I did write my notes so that this topic was treated last, after I had covered group theory including the Sylow theorems, but you can perhaps tell from this description here that only the concept of the Euclidean algorithm is needed to carry out the decomposition in practice, at least if you assume as given a presentation matrix. All this is discussed on pages 11-16 of my notes 845-1 on my webpage above. You can see there that the method also applies to finitely generated abelian groups that may not be finite, and gives a decomposition with possibly some factors of Z. This is the case when the matrix may not have maximal rank m. An earlier discussion of cyclicmproducts occurs on pages 47-50 of the notes for 844-2.

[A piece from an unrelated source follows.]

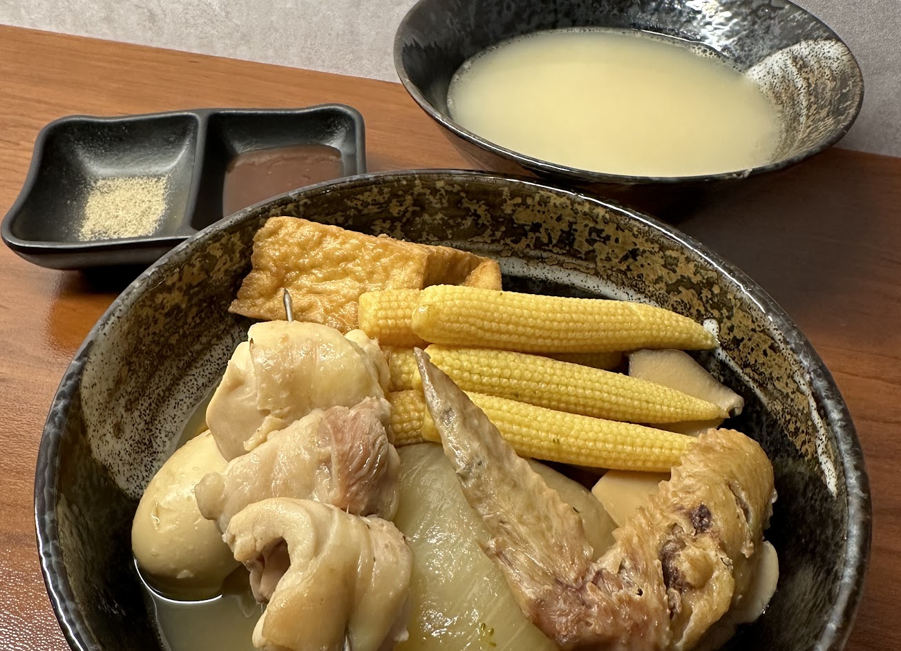 如果有點關東煮就會附一碗珍貴的雞白湯,喝起來非常濃郁可以試試,高麗菜捲也一定要試試裡面有魚肉的碎塊,增添了口感,醬料有點番茄醬的感覺但裡面混了其他東西,如果來吃也可以沾沾看。市內環境屬於開放式的,但也有一區一區的間隔跟朋友一起來剛好可以坐一區,放菜單的地方有提供水如果渴了也可以取用。

And don't be afraid of the words "Sylow p -subgroup". For an abelian finite group, if the group has order np^k where p does not divide n, the sylow p subgroup it is the unique subgroup of order p^k. So in the decomposition, it is just the product of all cyclic factors whose order is a power of p. So all that is happening in these discussions of looking at "Sylow subgroups" is that all factors involving the same prime are being bunched together. E.g. an abelian group G of order 36 = 2^2.3^2, has two Sylow subgroups, one of order 4 and one of order 9, and G is the product of those subgroups, which follows from the "Chinese remainder theorem". I.e. if these subgroups are H and K, the map HxK-->G taking (x,y) to xy, is an isomorphism [exercise].

 

[mathwonk]

To emphasize that it matters a lot how the group is given to you in the first place, consider the finite abelian group defined as the multiplicative group of units in the ring Z/(243Z). Try decomposing that into cyclic factors. Hint: It is already cyclic, so your task is just to prove that. This is done in my 844-2 notes, I believe, linked above. By way of contrast, the multiplicative group of units in the ring Z/(32Z) is not cyclic, but has two cyclic factors. The method of proof of these facts is by establishing certain number theoretic results, i.e. it is not a general technique about finite groups. Thus in general, when you ask how to decompose a finite abelian group, the answer again depends on how the group is given to you. In hindsight, this is "obvious", since the task of changing the description of a group from type A to the standard type, of course depends on what type A is. One might claim there is a uniform process for this conversion, starting say from "find an element of maximal order". But of course how to do this depends on how the group is given to you, and trial and error may not be at all practical for a large group - imagine being given a group of order a billion that turns out to be cyclic. The general methods above however give immediately a decomposition of the group of units of the ring Z/(2^60). Or to flog this horse once more, asking how to find the cyclic decomposition of a group is like asking how to get to New York; the answer depends on where you start from. (I started to say asking how to get to Carnegie Hall, but then the answer is the same no matter where you start from, as we all have heard, namely "practice".)